» Task to carry out
Exact copy, pictures excluded: please retype the lines from the start of the material through the line containing "Les futurs ingénieurs", both ends included, and nothing more.

» Stored data

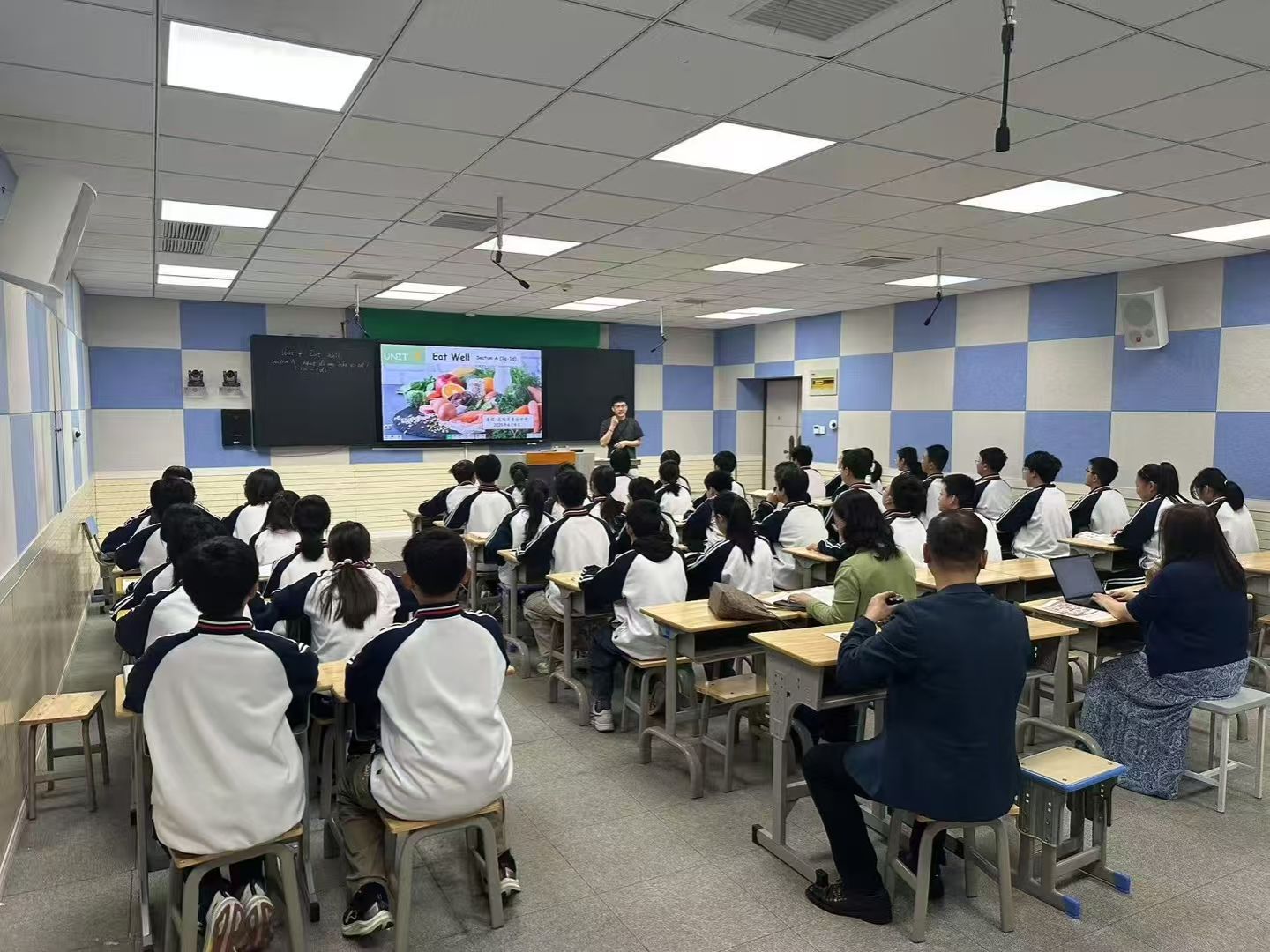 4月9日上午,陈英与肖菲一行抵达芜湖市南陵县春谷中学。该校优秀青年教师董俊是外国语学院 2013 届毕业生,他以七年级下册 Unit 7《Eat well》为课例,呈现了一堂精彩的听说教学课。董俊凭借扎实的教学基本功、清晰的教学思路和灵活多样的教学方法,充分地调动了学生积极性,课堂氛围活跃。其教学设计科学规范,教学情境设计巧妙,教学内容挖掘有深度,听与说技能链接有效,跨学科知识有机融入,引导学生从理解内容迈向批判性思考,有效实现了语言输入到输出的跨越。AI 工具的巧妙应用更为课堂增色不少。肖菲称赞这是她一年来听到的最好的一节课,陈英副教授也高度评价董俊的授课,认为其充分展现了外国语学院人才培养的优秀成果。同时,陈英针对授课过程中可进一步探讨之处提出建设性意见,为董俊及其他听课教师提供了宝贵的教学思路和方法。
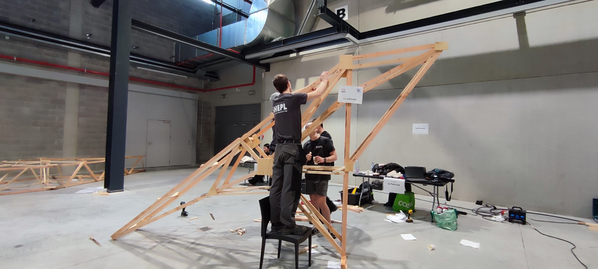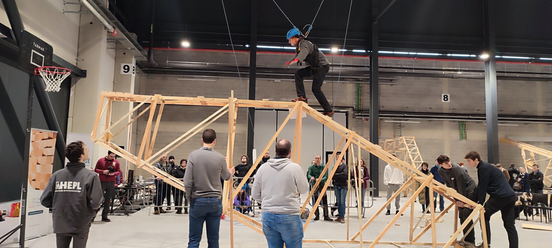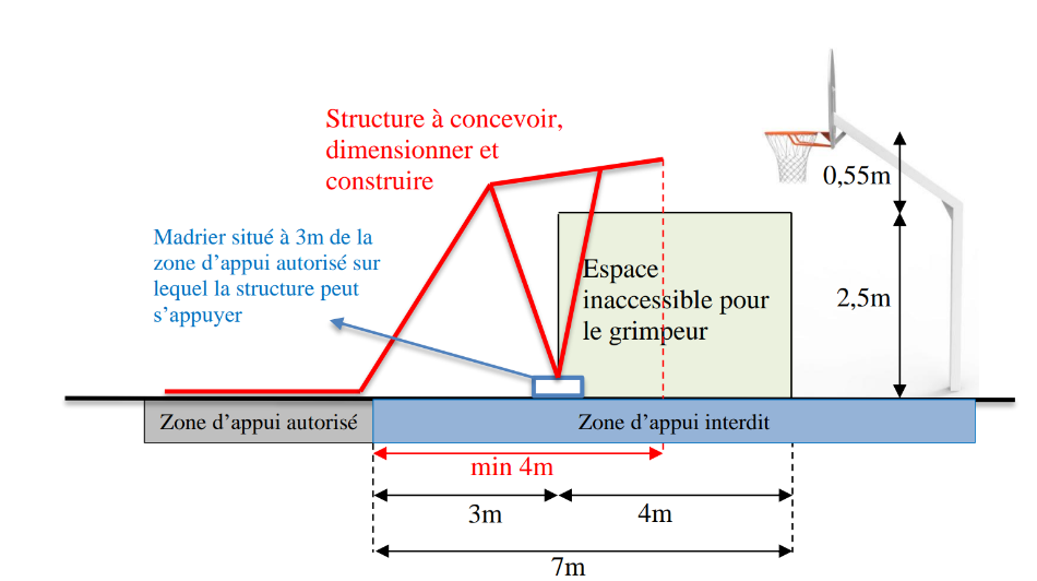 Les futurs ingénieurs ont relevé un défi aussi ambitieux que technique : concevoir et construire une structure en bois permettant de lancer une balle dans un panier de basket situé à 3,05 m de hauteur et 7 m d’une zone d’appui... le tout avec un budget minimal et sans pénétrer dans une zone interdite !
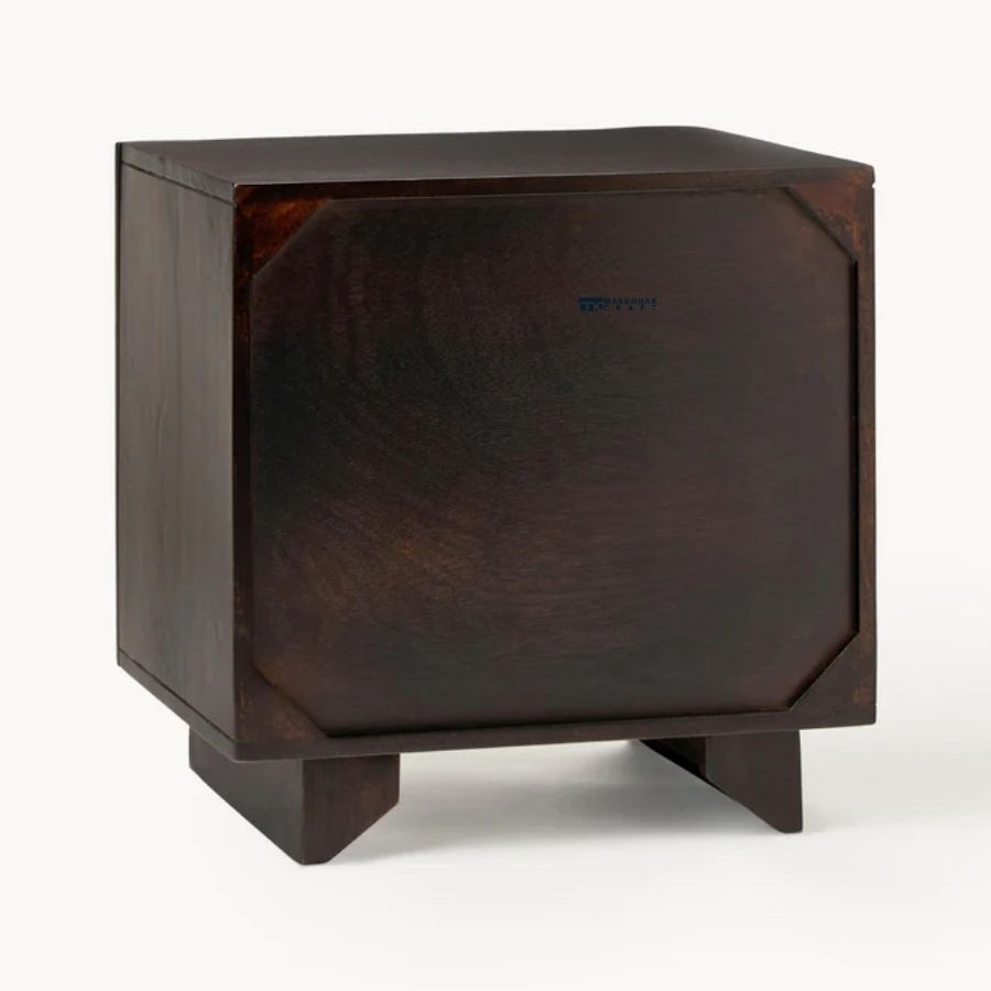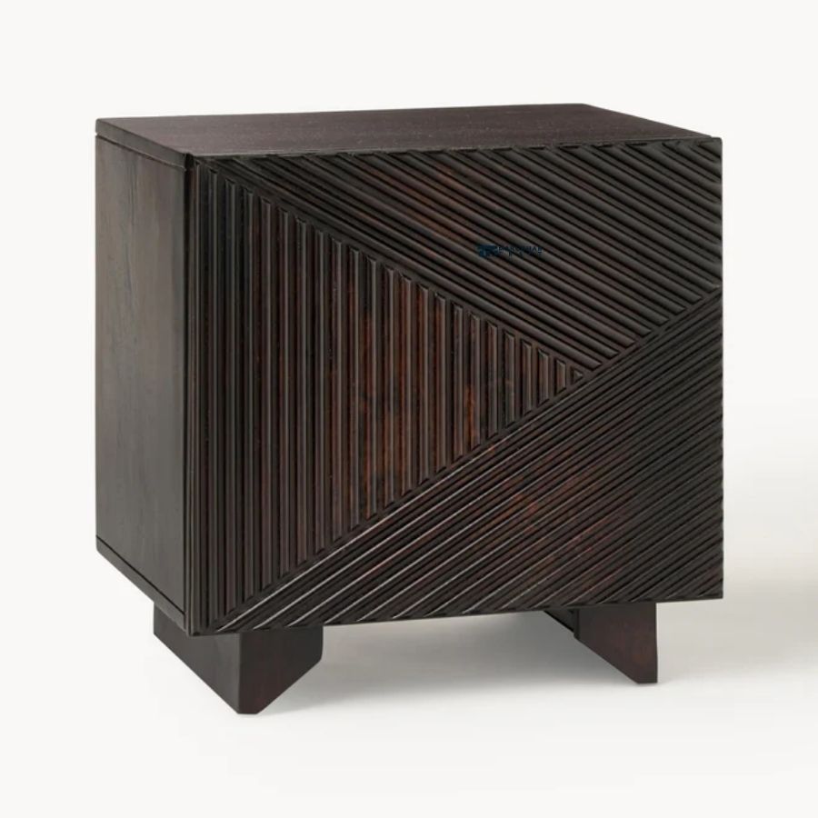 Make a bold architectural statement with this dark espresso nightstand, featuring an intricate, hand-carved fluted design. The geometric, multi-directional grooved patterns on the facade create a sophisticated play of light and shadow, turning a functional storage piece into a modern work of art. Crafted with a minimalist cube silhouette and supported by subtle block feet, this nightstand adds dramatic texture and depth to contemporary or industrial-inspired bedrooms.

» Answer space
 4月9日上午,陈英与肖菲一行抵达芜湖市南陵县春谷中学。该校优秀青年教师董俊是外国语学院 2013 届毕业生,他以七年级下册 Unit 7《Eat well》为课例,呈现了一堂精彩的听说教学课。董俊凭借扎实的教学基本功、清晰的教学思路和灵活多样的教学方法,充分地调动了学生积极性,课堂氛围活跃。其教学设计科学规范,教学情境设计巧妙,教学内容挖掘有深度,听与说技能链接有效,跨学科知识有机融入,引导学生从理解内容迈向批判性思考,有效实现了语言输入到输出的跨越。AI 工具的巧妙应用更为课堂增色不少。肖菲称赞这是她一年来听到的最好的一节课,陈英副教授也高度评价董俊的授课,认为其充分展现了外国语学院人才培养的优秀成果。同时,陈英针对授课过程中可进一步探讨之处提出建设性意见,为董俊及其他听课教师提供了宝贵的教学思路和方法。
 Les futurs ingénieurs ont relevé un défi aussi ambitieux que technique : concevoir et construire une structure en bois permettant de lancer une balle dans un panier de basket situé à 3,05 m de hauteur et 7 m d’une zone d’appui... le tout avec un budget minimal et sans pénétrer dans une zone interdite !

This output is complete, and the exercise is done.